Of course, there was no men’s title match on Wednesday: champ Finn Bálor was busy competing in the Dusty Rhodes Tag Team Classic. If he hadn’t been—if Bálor had been scheduled to take on Owens or anyone else for the title—I believe NXT would still have given the women the top billing. Coming off their epic theft in Brooklyn, any other card would have been an obvious atrocity. But we won’t see Banks v. Bayley again until Bayley gets the call-up to the main roster, so it will take another storyline, another rivalry, before we get the historic first of women headlining over the men at NXT. (Don’t worry: the men can co-main event.)
Blame it on the buzzy high still lingering from Wednesday’s match, but I believe that occurrence is a matter of when, not if. NXT has been roundly and rightly praised for dedicating screen time and thoughtful storytelling to its female competitors, and the organization easily could have rested on those laurels. Instead, we got an Iron Man match and a main event—and it wasn’t the only women’s match on the card. Recent Japanese arrival Asuka destroyed the nasally, weasel-y Dana Brooke in a great, fast-paced, endlessly entertaining match earlier in the night. The NXT women’s division has a midcard, for crying out loud. The NXT women’s division has jobbers.

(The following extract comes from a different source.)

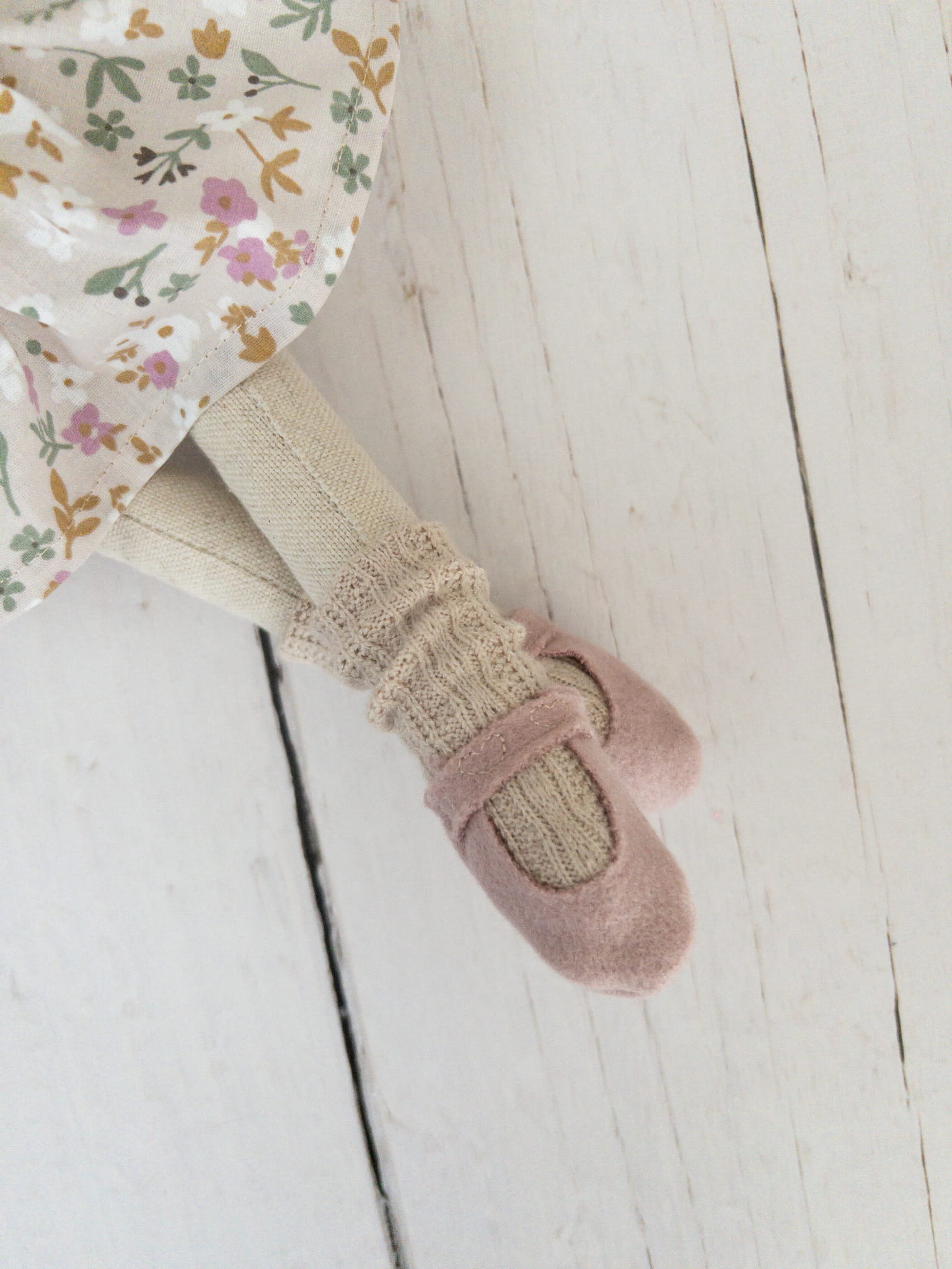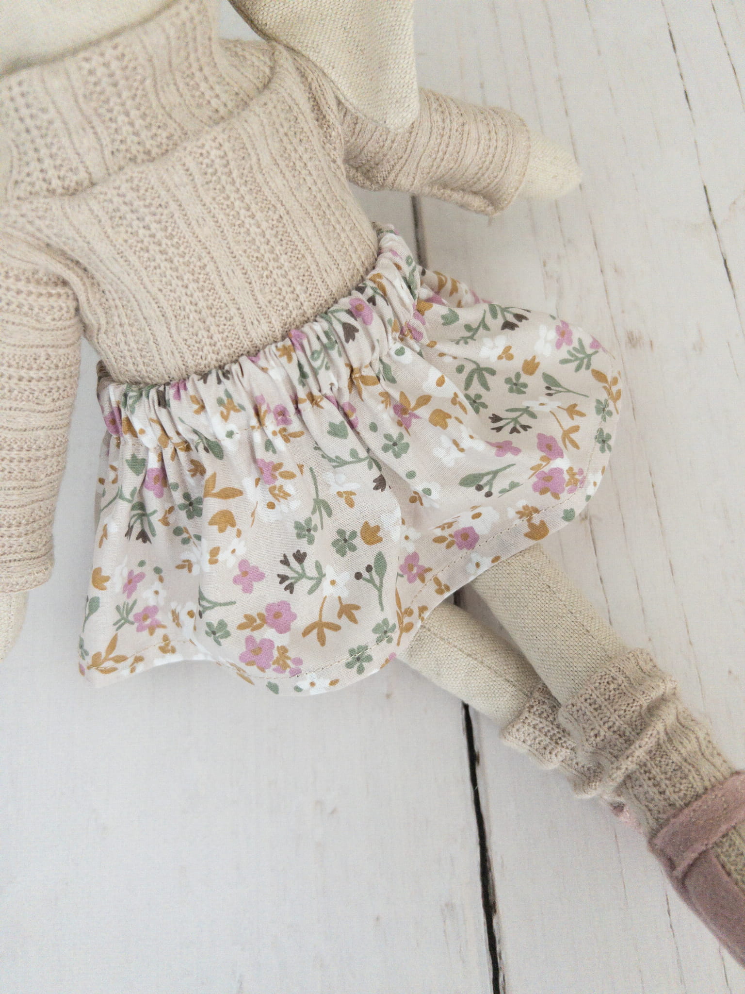 Królisia ubrana jest w sweterkowy golf oraz bawełnianą kwiatową spódniczkę. Dodatkowo ma na sobie podkolanówki sweterkowe, ciepłe buciki i uroczą kokardkę. Wszystkie elementy można zdejmować.

And the NXT women’s division has stars. Women’s wrestling! The chants began before the competitors entered the arena, and started up again once Banks and Bayley arrived in the ring. This is awesome! shouted the crowd, before the women had locked anything but eyes. And then the match began, an intricate, echoing contest which is far better watched than read about, so let’s be brief in recapping: Banks scored the first pin off a delightfully heelish sequence: taking Bayley’s handshake only to hurl her to the mat; blocking the referee’s view as she drove her thumb into Bayley’s eye. (And this was before she yelled at a little girl, stole her headband, and made her cry. Watch out, Seth Rollins: Banks is the best bad guy on the roster.)
Bayley earned a point of her own before Banks retaliated with a count-out, preening with her stolen headband while Bayley failed to make it back from a beating outside the ring. But Bayley tied the game with a stolen roll-up and won—as we knew she would, as she had to—with a hard-fought submission maneuver in the match’s final seconds. Iron Woman, the crowd had chanted, as the clock snuck under five minutes, and that’s what Banks and Bayley were, without a doubt: iron women, powerful and shining, soaked in sweat and near tears.